**Data section**:
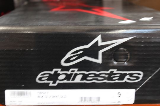 A pair of Alpinestars Tech 7 motocross boots in black, silver, white and gold (Size US 9 / EU 43).
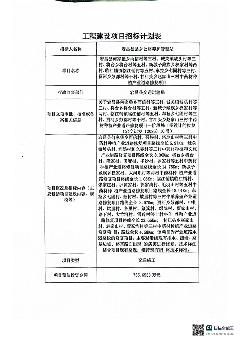 宕昌县何家堡乡而信村等三村、城关镇坡头村等三村、将台乡将台村等五村、新城子藏族乡杈家村等两村、临江铺镇临江铺村等五村、车拉乡七固村等三村、贾河乡彭都村等十村、甘江头乡赵家山三村中药材种植产业道路修复项目
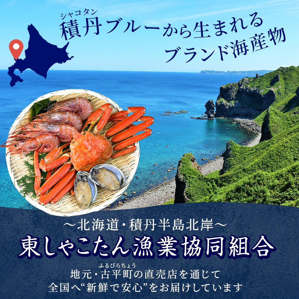 東しゃこたん漁港組合から直送される新鮮な魚介類を急速冷凍で鮮度キープ。

**Exercise directions**: Each line of the material needs to be given again exactly, without any of its pictures.

**Output for this exercise**:
 A pair of Alpinestars Tech 7 motocross boots in black, silver, white and gold (Size US 9 / EU 43).
 宕昌县何家堡乡而信村等三村、城关镇坡头村等三村、将台乡将台村等五村、新城子藏族乡杈家村等两村、临江铺镇临江铺村等五村、车拉乡七固村等三村、贾河乡彭都村等十村、甘江头乡赵家山三村中药材种植产业道路修复项目
 東しゃこたん漁港組合から直送される新鮮な魚介類を急速冷凍で鮮度キープ。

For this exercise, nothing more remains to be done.